On being carried into the inn, Shane's first act was to write out a cable to Brassey, briefly stating the facts and asking for instructions. His next was to go to bed and send for a doctor. Having safely delivered their invalid, the headman and his eight porters marched off unconcernedly to report themselves at Brathwaites'.
The arrival of a lonely white man on a litter naturally caused a buzz of speculation among the idling tourists at the inn. Who was this pale, interesting looking man, what had he been doing, and where had he been doing it? The clerk could only tell them that the invalid's name was Shane, that he was an American, and that he had probably fallen down a mountain side while sight-seeing with his party of friends. The less venturesome tourists shuddered and walked thoughtfully away. Finally only one lingered, little Miss Tappan, who had become quite friendly with the manager during her stay of over seven weeks at the inn.
"Do you suppose he's really badly hurt?" she asked.
"Seems to be, Miss Tappan.

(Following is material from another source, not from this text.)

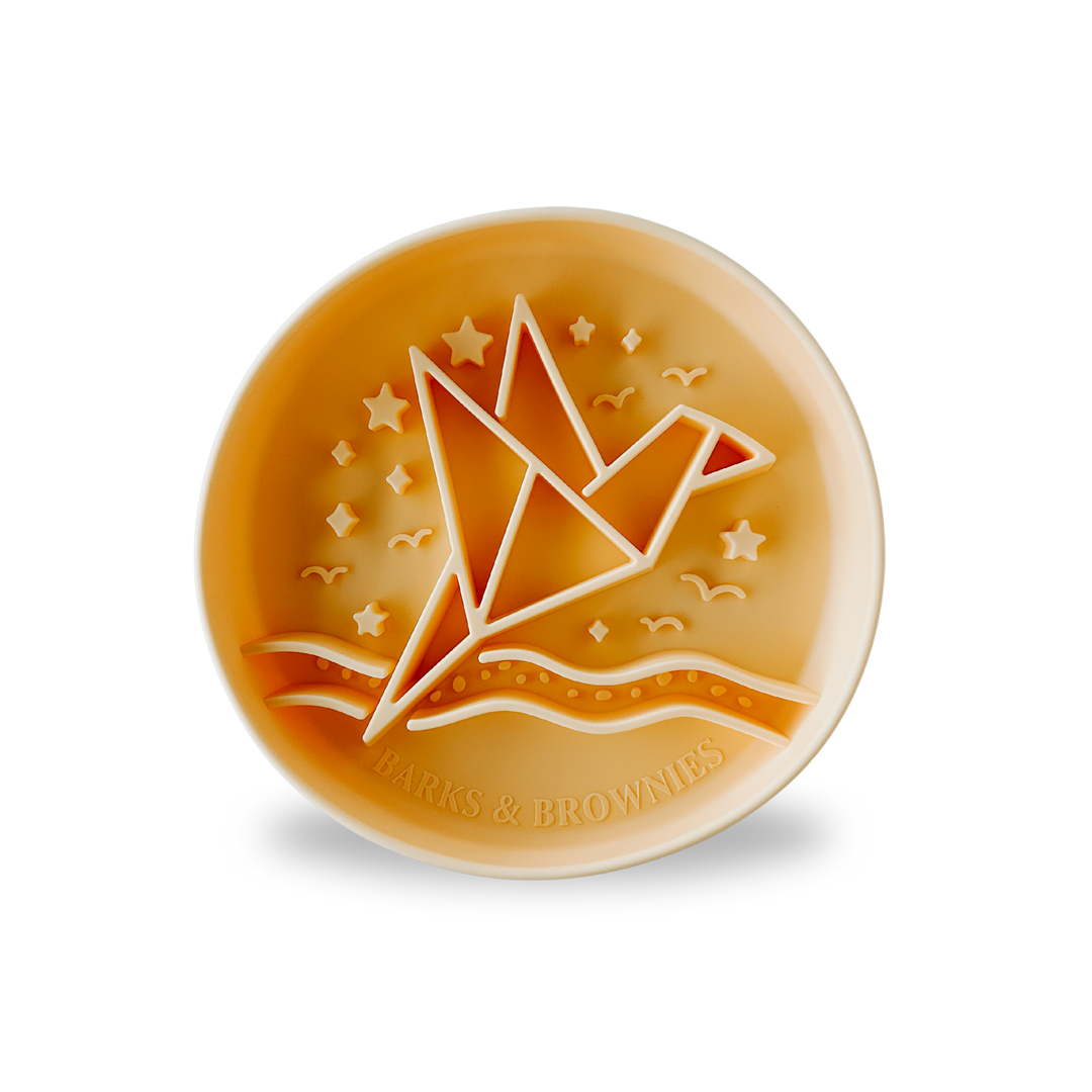 Our Origami slow feeder collection is inspired by the Japanese culture. And it also fits 3 cups of food for our bigger puppies !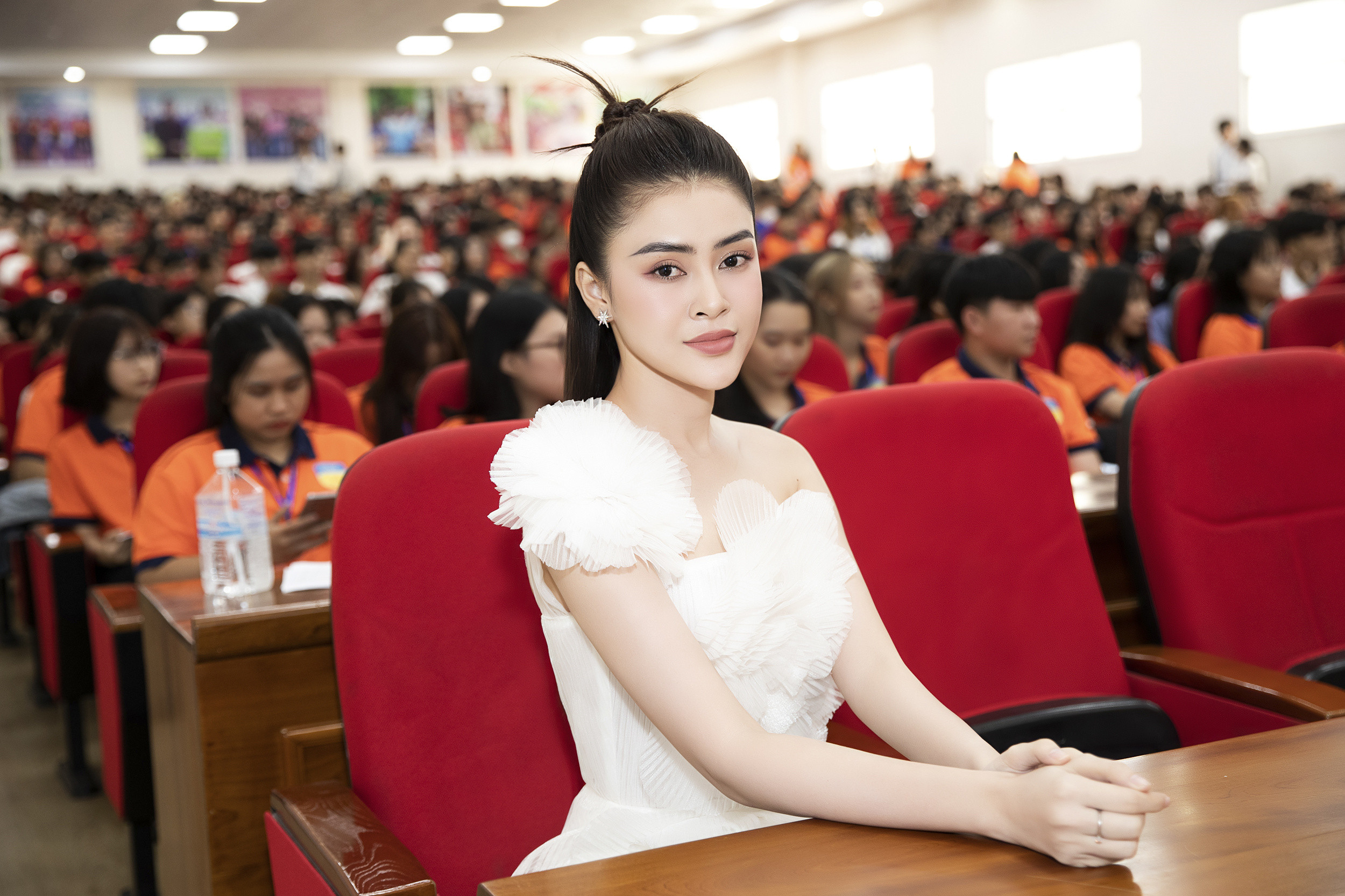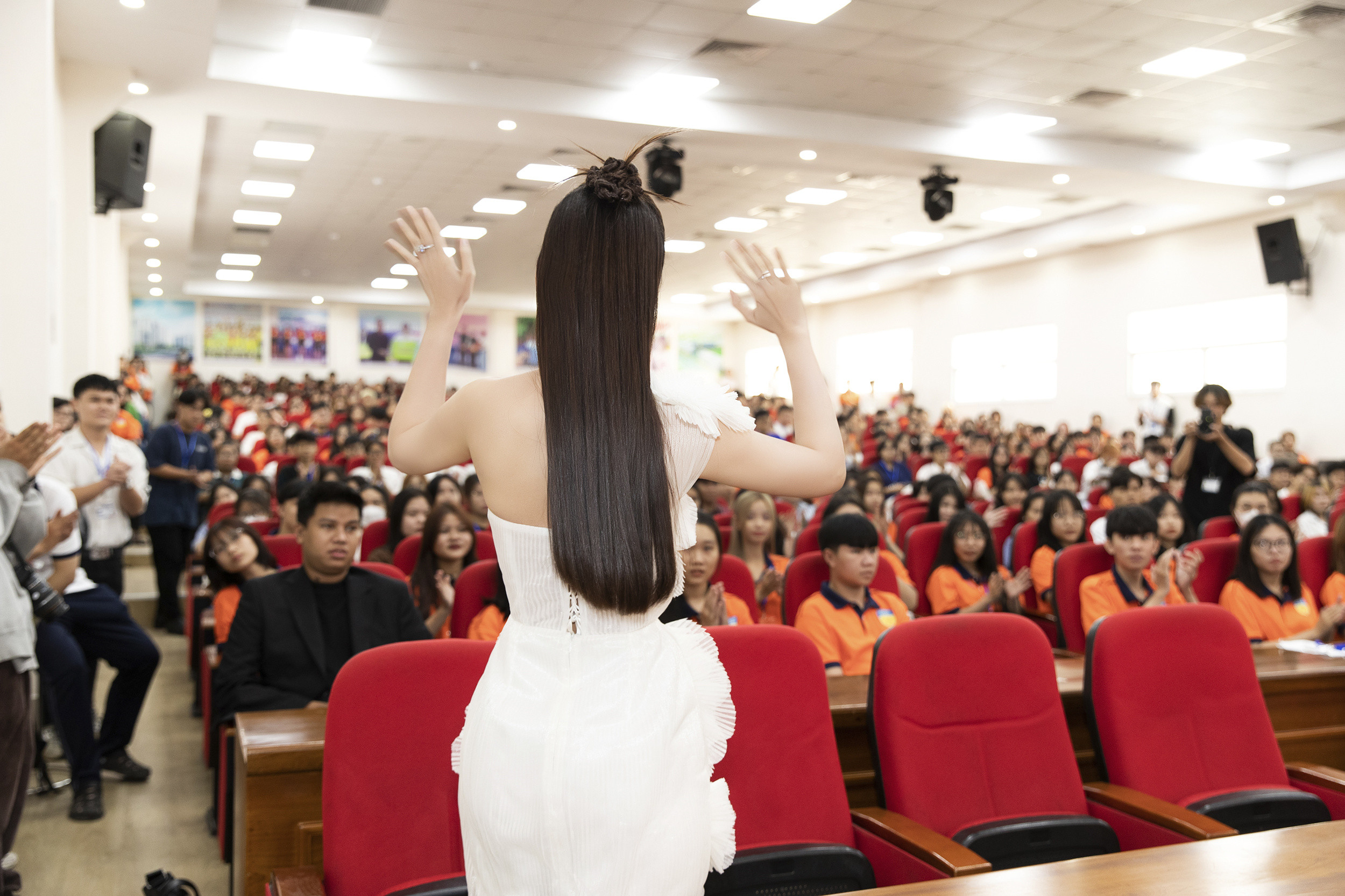 Hoa hậu Du lịch Việt Nam toàn cầu Lý Kim Thảo trở về trường Đại học Công nghệ TP.HCM để giao lưu, trò chuyện truyền cảm hứng cho tân sinh viên nơi đây.

We'll know more when the doctor comes. Ah, here he is now. You can go right up, Doctor Wemyss. The patient is in the large front room-number 20."

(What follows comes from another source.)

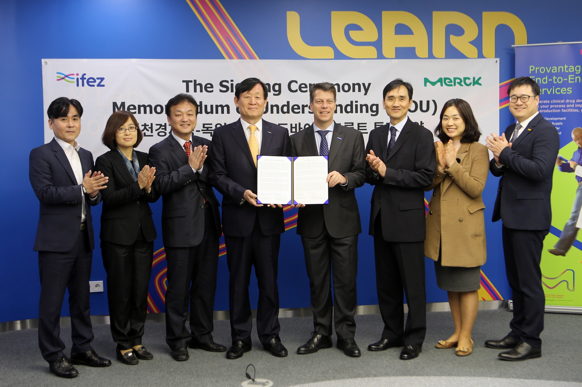 2016년 11월 14일, 이영근 청장은 독일 머크와 송도바이오프론트 투자협약을 체결하였다. 한국머크는 송도국제도시 내 물류서비스, 제조시설 등에 투자를 확대하고, IFEZ는 투자와 관련된 행정적 지원을 약속하였다.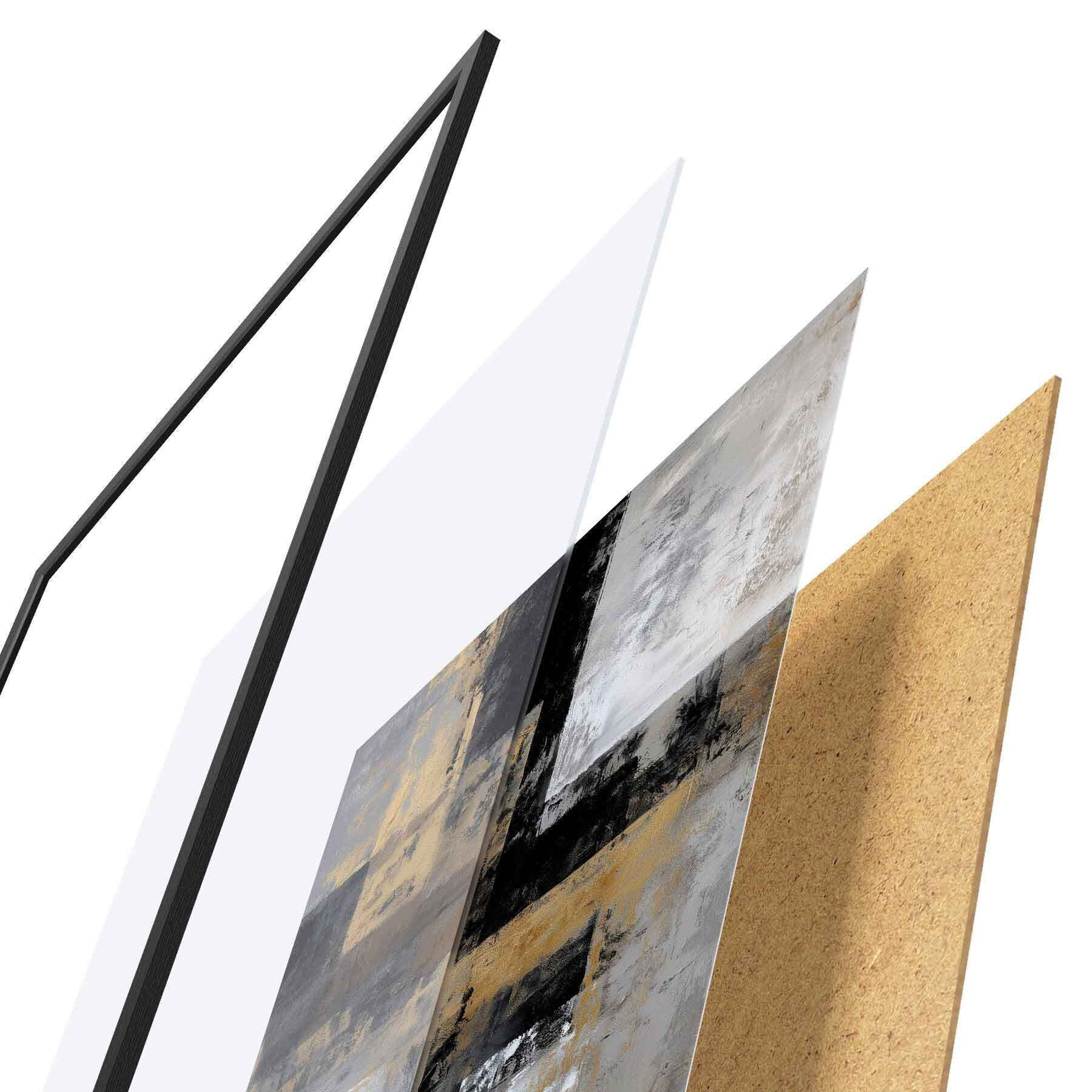 Das Poster besteht aus einem Rahmen, Plexiglas, einem gedruckten Bild und einer Rückwand aus Spanplatten. Dank der Halterungen auf der Rückseite kann das Poster sofort an die Wand gehängt werden.

While Shane was submitting to what Dr. Wemyss considered necessary, Miss Tappan quietly slipped out to the telegraph and cable office. Her innocently worded little message was not addressed to Scotland Yard, nor to Inspector Ransome, but to a confidential address and a fictitious name which were details, but highly important ones, of the code between Ransome and herself. Within two hours of Shane's arrival in Srinagar, Ransome was informed of the fact twice, first by Miss Tappan's cable, and then by telephone message from Charles Brassey.
"Better come over at once, Charles," he replied.
In the brief interview which followed in Ransome's private office, the inspector did not consider it necessary to inform Brassey that the news was old. Brassey however noted his friend's preoccupation and commented on it.